The GC100 and Investor Group has published an updated version of its guidance to the UK Directors’ Remuneration Reporting (DRR) regulations, which are now in force.  The original document was published in September 2013, as was our alert on that version.

So, what has changed in less than two months? Well, not a great deal… and most of the amendments are helpfully signposted by footnotes.

  • There’s some useful clarification on the interaction of grandfathered provisions and the future policy table.  The guidance now states that, even if a company intends to rely on the grandfathering provisions for arrangements entered into before 27 June 2012, if remuneration may be paid under those arrangements, they must be set out in the future policy table.  This is not a surprise – the grandfathering provisions provide an exclusion from the penalties for making payments in breach of the shareholder approved policy, not an exclusion from the requirement to disclose.  Quite how the express disclosure of these items will be received by shareholders (who are of course required to vote on the table) remains to be seen, although the amendment emphasises the need to ensure appropriate dialogue with shareholders before the DRR is published.
  • Pension related benefits in the year must be disclosed as part of the single figure table – the amended guidance essentially restates the regulations’ requirements.
  • The notes to the pension disclosure must set out prospective pension entitlements, and the guidance now suggests that companies may wish to consider summarising these rights as the transfer value of the entitlement.  This would, it is hoped, make it easier for investors to compare different arrangements.  The guidance now also suggests that, if trustee or company consent is required for any earlier retirement, this should be disclosed.  Indeed, anything discretionary and “outside” of the company’s intended practice or the pension scheme’s normal practice should be highlighted.
  • The commentary around the valuation method of options which are to be included in the scenario charts has been adjusted, basically confirming that the need to value options and confirm the valuation methodology applied is relevant even where the award was originally granted as a percentage or multiple of salary.

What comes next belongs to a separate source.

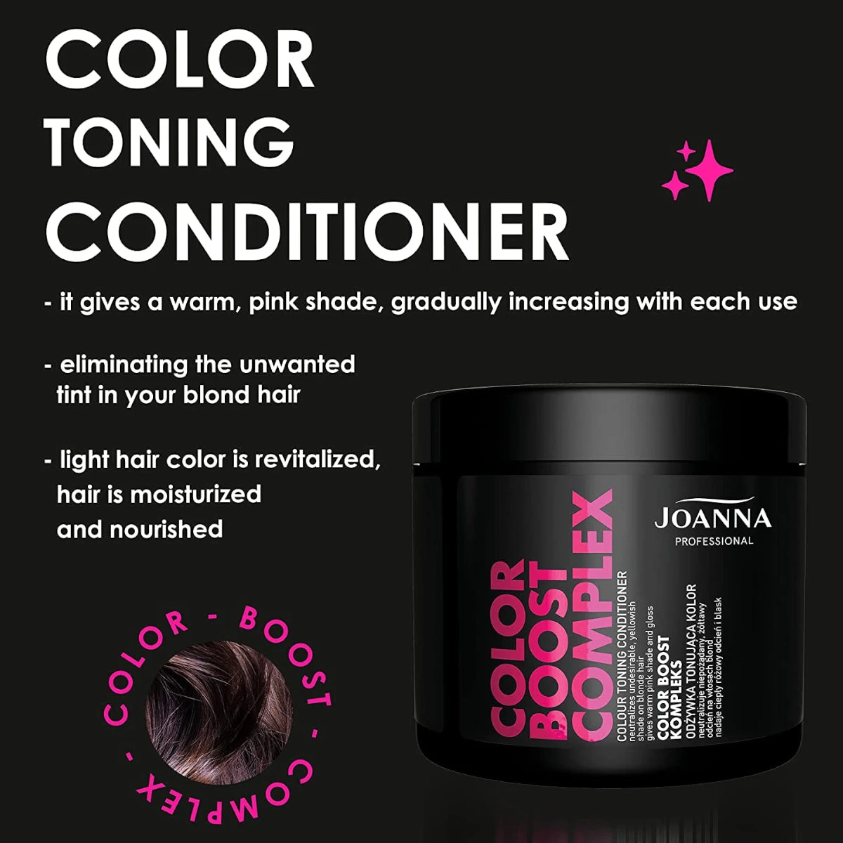 Joanna Professional Color Boost Complex Colour Toning Conditioner is specially developed for salon use to neutralize yellowing shades from bleaching and dyeing perfectly. Its nourishing and moisturizing ingredients help condition your hair, giving it a warm, pink reflex and radiant glow. Microproteins nourish and invigorate the hair, leaving it feeling light and silky to the touch.

There’s also been a slight tweak to the introduction (essentially explaining the background to the regulations) and a few extra words have been added to explain the regulations’ position as to share awards (in respect of performance periods and “vesting date”).  Other than an update to the job title of one of the Corporate Governance Forum members, that’s it – in short, nothing that will disturb or concern readers who are already well into DRR drafting season.